## Data records

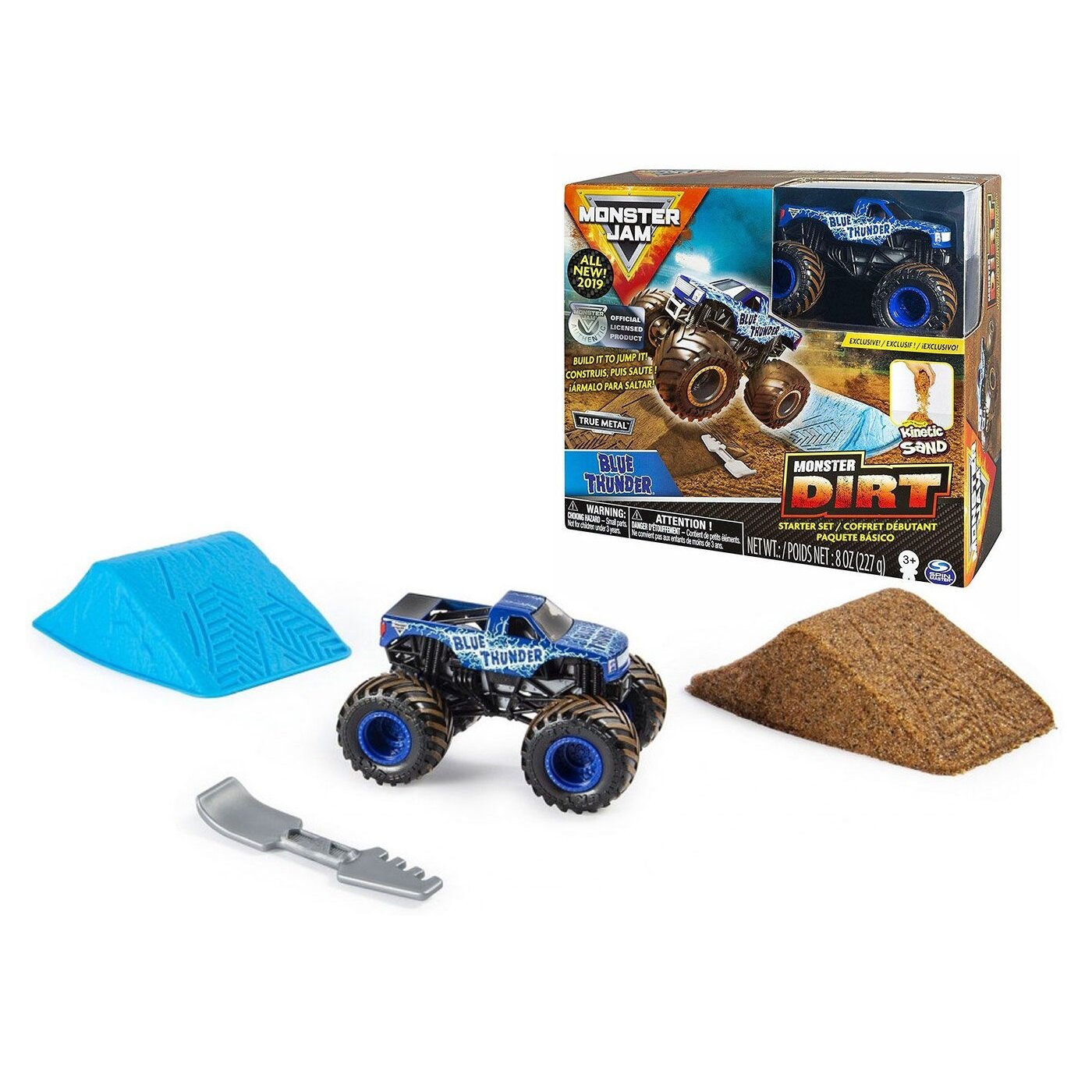 | Состав набора | машинка Monster Jam Blue Thunder, формочка для лепки, лопатка, кинетический песок Monster Dirt |
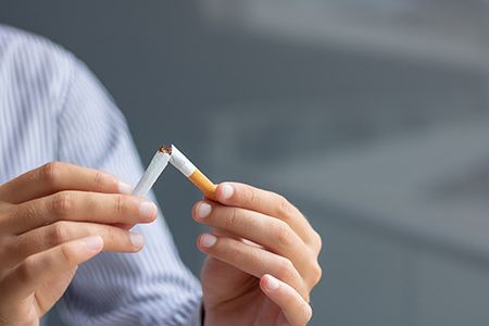 タバコに含まれるニコチンには血管収縮作用があるので、喫煙者は歯周病になりやすく、治療の予後も悪いといわれています。 そのため歯周病と診断された方は必ず禁煙し、歯周病予備軍の方は一日も早く禁煙しましょう。
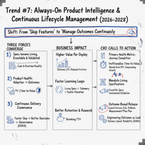 From 2026 through 2028, the most important “channel shift” in digital products won’t be mobile → web or web → super-app. It will be human navigation → agent delegation. Users will increasingly express intent in a conversational or collaboration layer—and expect the product to execute outcomes, not guide clicks. Products that don’t expose agent-callable, governed capability surfaces will be progressively bypassed by orchestration layers that can complete the job elsewhere.
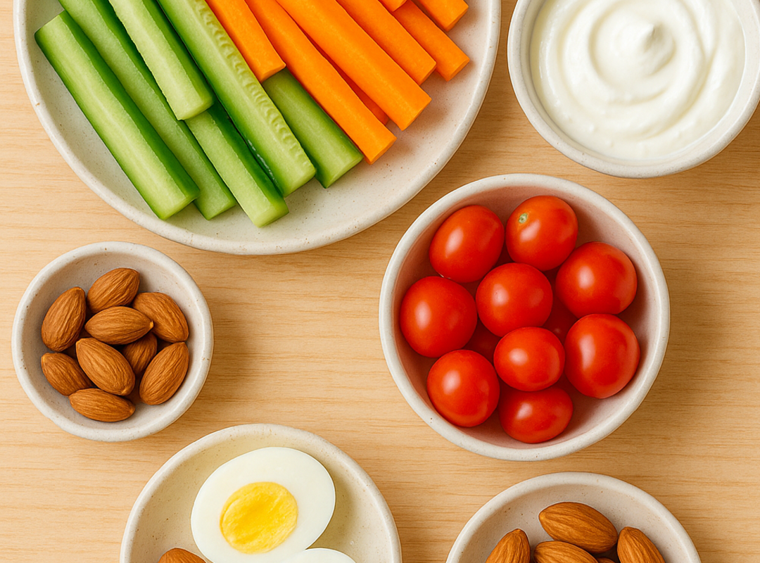 ✨ 핵심 1: 단백질 & 섬유질이 풍부한 간식을 선택해 포만감을 높이세요. (예: 그릭 요거트, 삶은 계란)
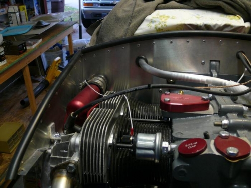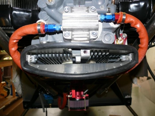 Started with the oil cooler inlet. I used a single piece, wrapped all the way around the opening. See pic 3 below which shows the start/end seam point. The second picture looks a bit lop-sided, but it's just due to the springiness of the upper baffle.

## Required work
Only the lines from the one containing "요거트, 삶은 계란)" through the final line of the data are to be written out, exactly as they stand and without pictures.

## Problem solution
 ✨ 핵심 1: 단백질 & 섬유질이 풍부한 간식을 선택해 포만감을 높이세요. (예: 그릭 요거트, 삶은 계란)
 Started with the oil cooler inlet. I used a single piece, wrapped all the way around the opening. See pic 3 below which shows the start/end seam point. The second picture looks a bit lop-sided, but it's just due to the springiness of the upper baffle.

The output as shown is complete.